Hugging Face adds Storage Buckets to the Hub for mutable ML artifacts
Original: Introducing Storage Buckets on the Hugging Face Hub View original →
Hugging Face announced Storage Buckets for the Hub on March 10, 2026. The feature is designed for the parts of machine learning workflows that do not fit cleanly into versioned model or dataset repositories, including checkpoints, optimizer states, processed shards, logs, traces, and other intermediate artifacts that change frequently.
Why Hugging Face built it
Hugging Face argues that Git-based repositories are a good fit for publishing final artifacts, but not for high-churn storage that is overwritten repeatedly by multiple jobs. Storage Buckets are meant to fill that gap with mutable, non-versioned, S3-like object storage that can live under a user or organization namespace and be addressed programmatically through paths such as hf://buckets/username/my-training-bucket.
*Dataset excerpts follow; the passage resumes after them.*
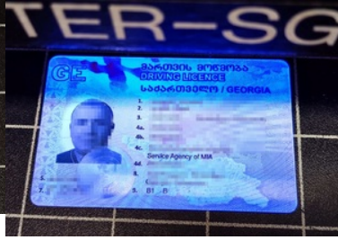
Zatrzymane gruzińskie prawo jazdy
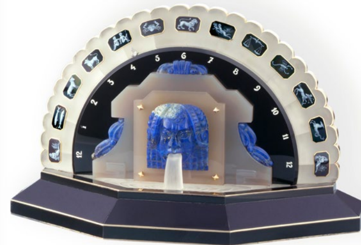
装饰艺术（Art Deco）座钟，以黄金、缟玛瑙、水晶和青金石材质打造（典藏编号10546）-1927年

以21世纪初问世的参考编号47245和47247腕表为启发，新款腕表不仅具备逆跳显示，还采用了局部镂空表盘设计，这也是自20世纪初以来江诗丹顿时计作品的另一标志性特色。这一先锋的美学设计，将腕表精湛的技术内涵以及对于入微细节的专注展现得淋漓尽致。此款新作采用直径41毫米、厚度仅11.07毫米的18K粉红金表壳，搭配灰色鳄鱼皮表带及粉红金折叠式表扣。
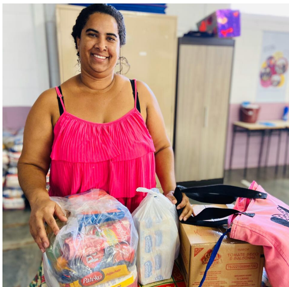
Entrega das cestas básicas fornecidas pela Prefeitura de Jundiaí
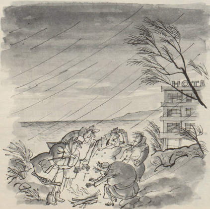
«Klar, dass sie in diesem milden mediterranen Klima keine Hotel-Heizung brauchen!»
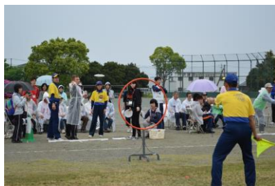
フライングディスク 平成27年5月9日(土)

第18回三重県障がい者スポーツ大会は、4競技に981名の参加があり、熱戦が繰り広げられました。
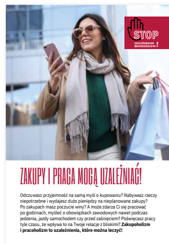
Zakupy i praca mogą uzależniać! Ulotka, format A4 złożone do A5
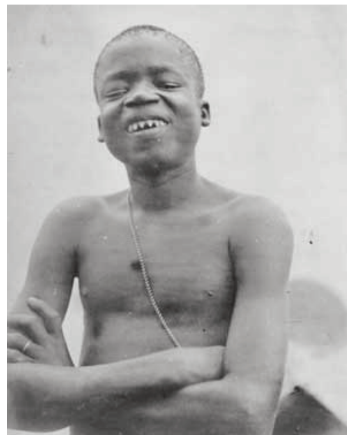
Ota Benga, 1904

Madison Grant, un científico racista y eugenista, conjuntamente con el conservacionista y director del mismo zoológico, William Hornaday, planearon una forma de promocionar el “racismo científico”. Decidieron exponer a Ota Benga junto con un orangután, formando parte de la “Casa de los Monos”. Benga se hizo famoso como “El Eslabón Perdido”, concepto por el cual quería hacerse entender que el africano se encontraba en una posición a camino entre el mono y el hombre.
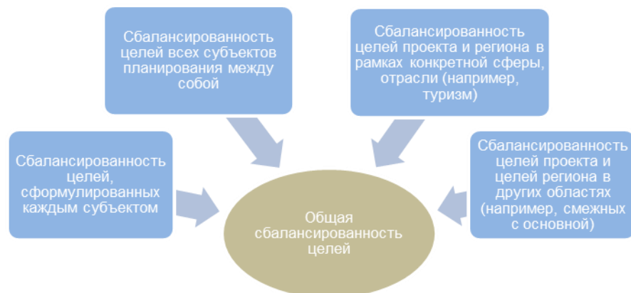
Рис. 2. Условия сбалансированности целей субъектов стратегического планирования инвестиционной деятельности в регионе

Проведенный анализ позволяет конкретизировать следующие условия, способствующие достижению сбалансированности целей в процессе стратегического планирования на региональном уровне (рисунок 2).
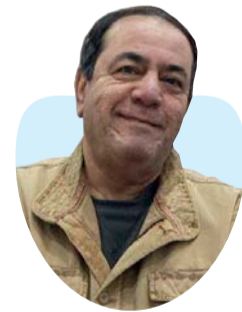
أ.د. محمد الدعيمي كاتب وباحث أكاديمي عراقي

Foreign Language المكتسبة أن تحل محل اللغة الأم، كما يستحيل عليها أن تضم نفسها في كيان المرء ووجوده مهما طالبت الأيام والعقود: اللغة هويتك... ٣
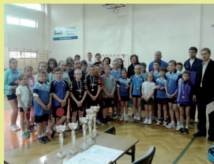
Zwycięzcy, uczestnicy i organizatorzy Szkolnej Ligi Tenisa Stołowego
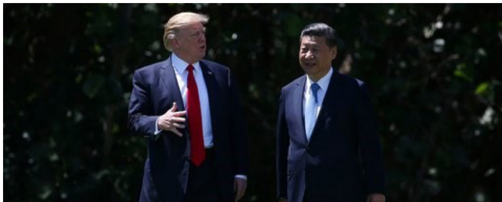
ترامپ و شی در فلوریدا دیدار کردند.

ترامپ قانون حقوق بشرودموکراسی هنگ‌کنگ را بعد از تصویب در
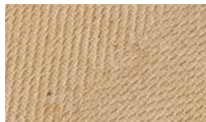
Powierzchnia zewnętrzna płyt izolacyjnych STEICO top

Ponadto płyty STEICO top są szczególnie otwarte dyfuzyjnie. Jeśli do materiału dostanie się nadmiar wilgoci, płyta bez problemu odprowadzi ją na zewnątrz. W rezultacie znacząco redukuje ryzyko powstawania grzybów.
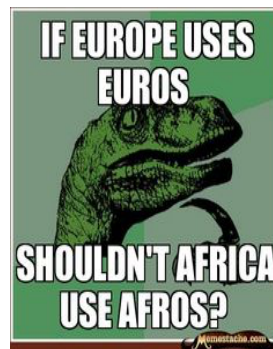
Fig. 4 : idem

Il s'agit donc d'une sorte d'exercice de style qui consiste à s'inscrire dans une forme prédéterminée en la modulant suffisamment pour la renouveler, tout en assurant un degré de conformité suffisant par rapport au prototype pour permettre sa reconnaissance. Le phénomène des mèmes instaure un défi à la créativité individuelle, sur fond de rivalité : chaque énonciation vient à la fois renouveler et renforcer le mème comme forme de la praxis énonciative.
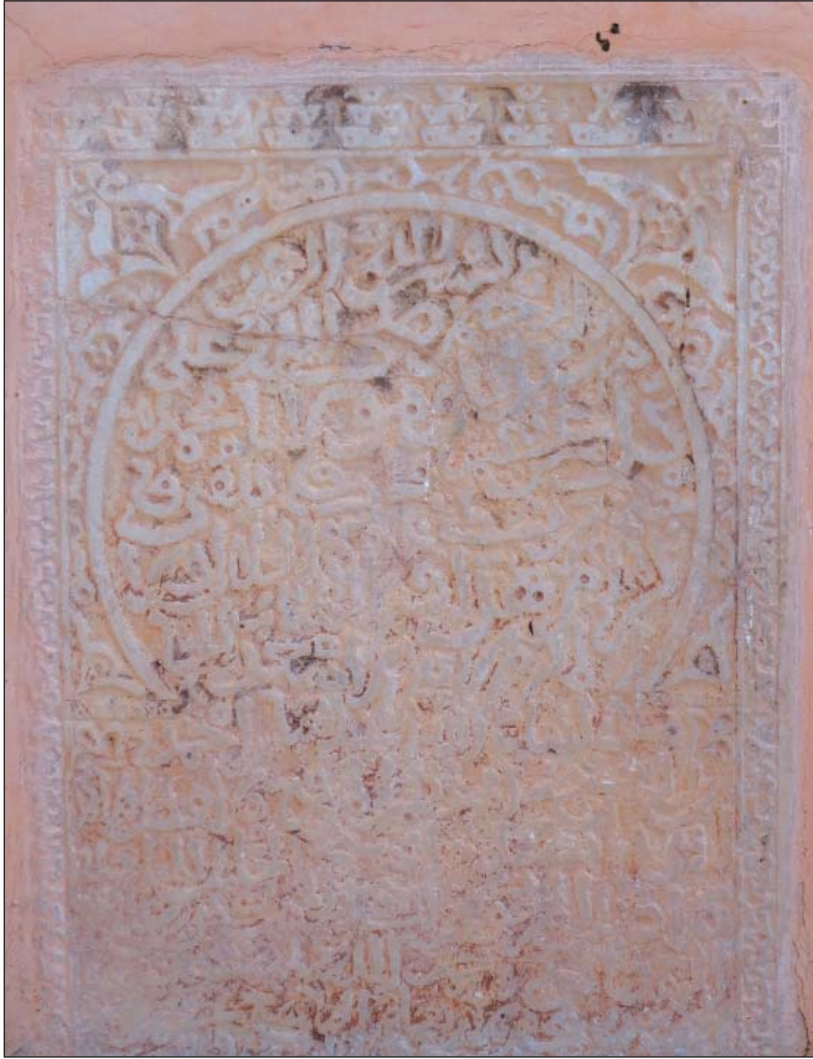
الصورة 1: شاهد قبر الأمير أحمد الهنتاتي

توفي هذا الأمير الهنتاتي حسب الكتابة العربية المنقوشة على شاهد قبره سنة 859هـ/1455م، ويتضح من خلال الكتابة حسب بيير دوسينيڤال، أنه حمل لقب الأمير في حين اقتصر والده على لقب الشيخ، وهو مؤشر اعتمده هذا الباحث إلى جانب رمزية الدفن في المقبرة المتاخمة لجامع المنصور بالقصبة، للقول بأن أحمد الهنتاتي كان أول فرد من أفراد الأسرة الهنتاتية يعلن استقلاله عن السلطة المركزية المرينية في عهد آخر سلطان مريني وهو عبد الحق (842-69هـ/1421-65م). 32

The feature is built on Xet, Hugging Face’s chunk-based storage backend. According to the company, Xet breaks files into chunks and deduplicates across them, so uploads of similar datasets or successive checkpoints can skip bytes that already exist. Hugging Face says that reduces bandwidth use, speeds up transfers, and improves storage efficiency. For Enterprise customers, billing is also based on deduplicated storage.
Operational features
Storage Buckets also introduces pre-warming so that frequently accessed data can be brought closer to the cloud region where compute runs. Hugging Face says AWS and GCP are supported at launch, which makes the feature relevant for distributed training and large-scale pipelines where storage location affects throughput. The platform is wired into the hf CLI, Python support in huggingface_hub, JavaScript support in @huggingface/hub, and fsspec-compatible filesystem access.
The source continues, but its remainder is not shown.